Byline: Farhan Ahmad, Muhammad Waris Sanjrani, Shah Nawaz Khuhro, Asif Sajjad, Abid Ali, Rashad Rasool Khan, Farooq Ahmed and Junhe Liu


Among abiotic factors, temperature and relative humidity are important factors for higher cotton yields in all cotton growing regions. Cotton whitefly (Bemisia tabaci G.) being vector of CLCuV in Pakistani cotton crop is responsible to cause an economic damage. A survey of whitefly populations and its parasitism with connection to temperature and relative humidity was conducted in fourteen cotton growing districts of Sindh province (southern Pakistan) for 2012 and 2013 seasons. There was a significant difference in whitefly population and percent parasitism among the fourteen districts. The highest average whitefly populationof two consecutive years was recorded in Khaipur, Sukhur, Sangar and Nausharo Feroze i.e. 7.5, 6.1, 5.6 and 5.5 individuals per leaf, respectively. While the lowest was recorded in Hyderabad (1.9) and Mirpurkhas (2.2).
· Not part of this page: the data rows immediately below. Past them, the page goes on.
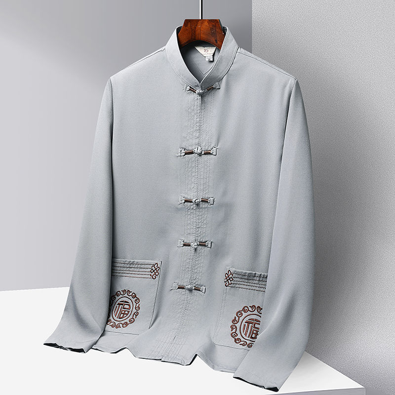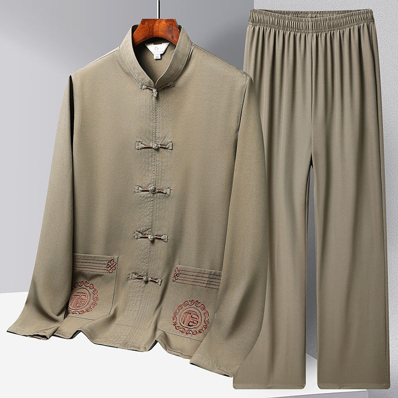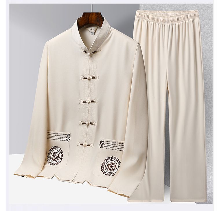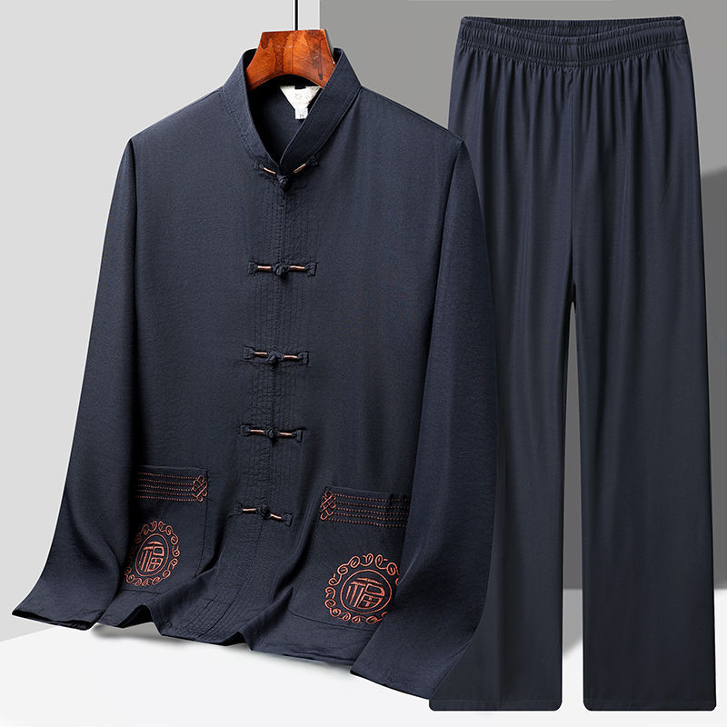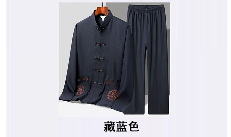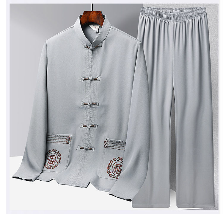 새로운 중국 스타일 봄과 여름 아이스 실크 탕 세트 남성 중년 및 노인 얇은 긴팔 아빠 세트 중국 스타일 한푸 할아버지 세트
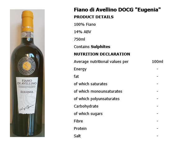 • Fiano di Avellino DOCG "Eugenia" 14% ABV 750ml,
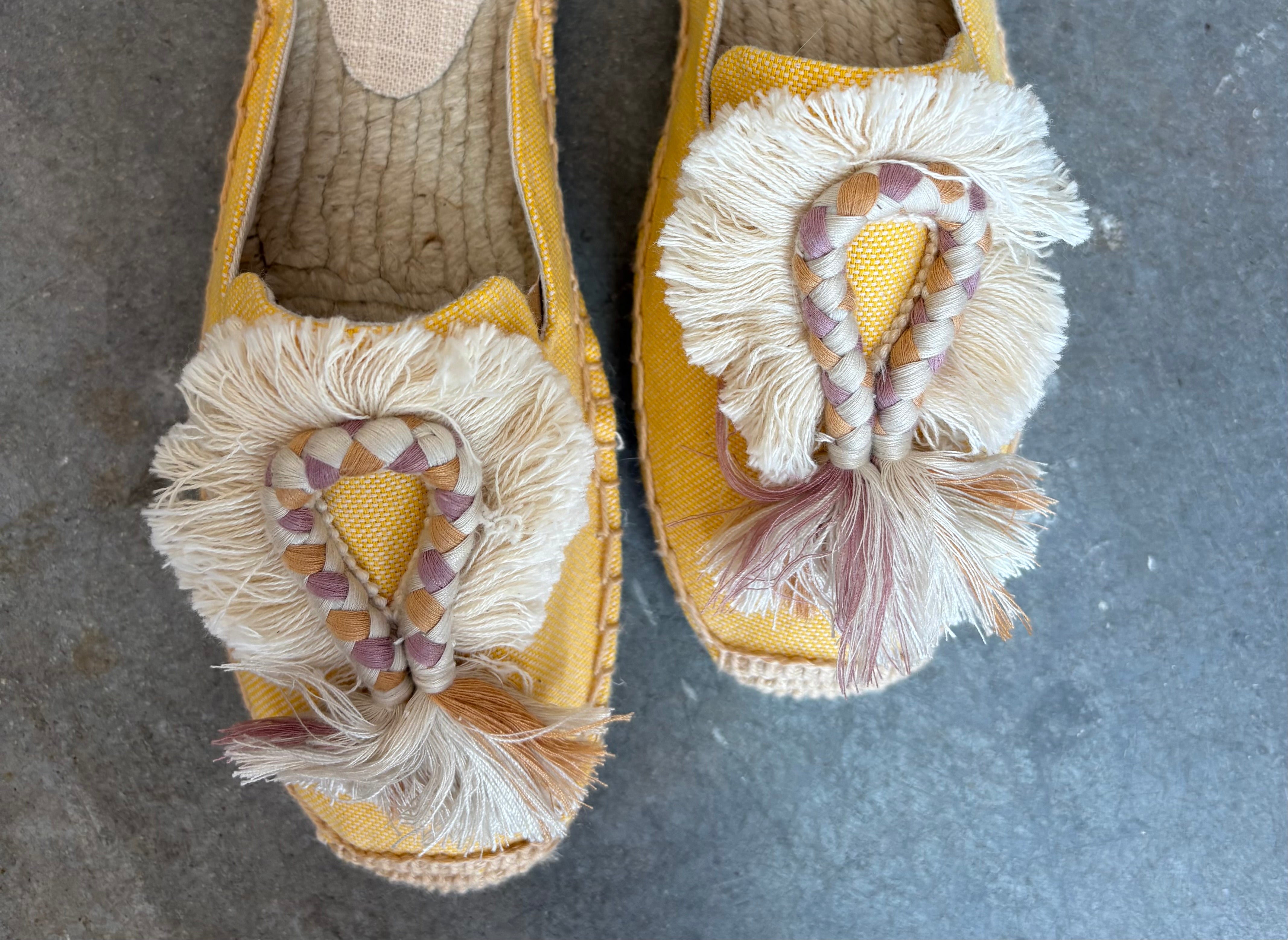 Step into sunshine with the Solstice Mules. Crafted with a natural woven sole, golden-yellow canvas, and playful braided tassel fringe, these mules embody effortless boho charm. Light, airy, and eye-catching, they’re made for sunlit strolls, summer gatherings, and resort escapes — the perfect pair to carry you from golden hour to starry nights.

On the other hand, the highest percent parasitism was observed in Khaipur, Tando Muhammad Khan, Nausharo Feroze and Sangar i.e. 14.1, 10.5, 10.4 and 10.5 percent, respectively whereas the lowest percent parasitism was recorded in Hyderabad (5.8) and Matiari (5.9). The study regarding impact of abiotic factors on whitefly population and percent parasitism was carried out at Central Cotton Research Institute Sakrand in 2013. We observed positive relationship between the abundance of whitefly and percent parasitism; while both had a strong positive relationship with percent relative humidity and only a positive relationship with the average temperature. This study hopes to establish an understanding for cotton growers and researchers that how population of whitefly and its parasitism vary in relationship with abiotic factors among different cotton growing areas of Sindh province. Furthermore, this study could help in forecasting and monitoring of whitefly incidence and its parasitism.

Key words

Abiotic factors, Cotton, Distribution, Parasitism, Population, Whitefly.


Whitefly, Bemisia tabaci, G. (Homoptera: Aleyrodidae), a polyphagous agricultural pest of tropical and subtropical regions is responsible to causes economic losses worldwide by affecting numerous fiber, vegetable and ornamental crops (Cahill et al., 1996; Perring, 2001; Farghaley et al., 2014). It may results up to 50% reduction in the boll production and plant growth (Zia et al., 2013). In cotton (Gossypium hirsutum L.), the adults and nymphs of cotton whitefly cause severe physiological disorders directly either through feeding on sap and reducing photosynthesis or indirectly through secreting honeydew and transmitting viral diseases (Ali and Aheer, 2007; John et al., 2007; Tayyib et al., 2014). Historically, its first outbreak occurred in major cotton growing districts of Pakistan before 1975 (Yunus et al., 1980) and it became a persistent pest of cotton in 1987 (Aslam et al., 2001).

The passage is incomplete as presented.